Развитие и созревание ретикулоцитов

Изгнание ядер из метарубрицитов связано с изменениями в промежуточных филаментах и ​​микротрубочках, которые приводят к перестройке мембранного цитоскелета. Вытесненные ядра быстро поглощаются макрофагами костного мозга. Затем ретикулоциты покидают костный мозг, хотя точный механизм неизвестен. Ретикулоциты содержат остаточные митохондрии, мембраны аппарата Гольджи, рибосомы и микротрубочковые компоненты и могут иметь примерно на 35% больший объем, чем зрелые эритроциты. Во время созревания в кровотоке ретикулоциты приобретают гемоглобин и теряют органеллы, площадь поверхности мембраны, объем и многочисленные белки клеточной поверхности.

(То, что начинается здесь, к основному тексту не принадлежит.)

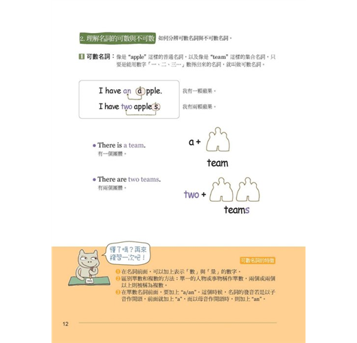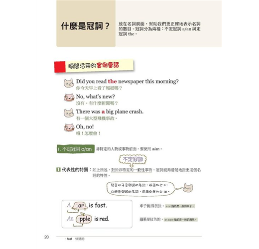 本書教你把英文句子變簡單:直接把主詞看作“A student”,動作是” is sitting”,句義「一個 [來自德國的] 學生坐在前排」就很容易理解了。看到一個英文句子,不需要急著去思考「關係代名詞在句子中的作用為何…」等理論,而是從圖解中輕鬆看懂英文的句義,當你「習慣」了這樣的用法之後,英文文法就自然而然地學起來了,根本不需要去死記硬背!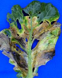 - The veins in infected leaves, stems, and roots sometimes become black.

Белки клеточной поверхности теряются в виде экзосом или мембранных пузырьков, которые содержат белки, специально отобранные для удаления.
Стрессовые ретикулоциты высвобождаются из костного мозга во время эритропоэтического стресса. Стрессовые ретикулоциты крупнее и менее зрелые, чем нормальные ретикулоциты, и содержат больше митохондрий, рибосом и других органелл. Их мембраны более механически жесткие и нестабильные, и они содержат адгезивные белки, которые обычно теряются перед высвобождением.

Молекулы клеточной поверхности на развивающихся эритроидных клетках

Эритроидные клетки экспрессируют различные молекулы на поверхности клеток, некоторые из которых регулируются в процессе развития. Краткое описание важных молекул на поверхности эритроидных клеток представлено в таблице 6.2.

Ретикулоциты в ветеринарии

Количество ретикулоцитов, циркулирующих в норме, варьируется у разных видов. У некоторых видов ретикулоциты присутствуют в норме (собаки, кошки, грызуны, кролики, свиньи, морские свинки), тогда как у других (коровы, козы, овцы) ретикулоциты присутствуют только в период регенеративной реакции. У лошадей, за редкими исключениями, ретикулоциты отсутствуют даже в период регенеративной реакции.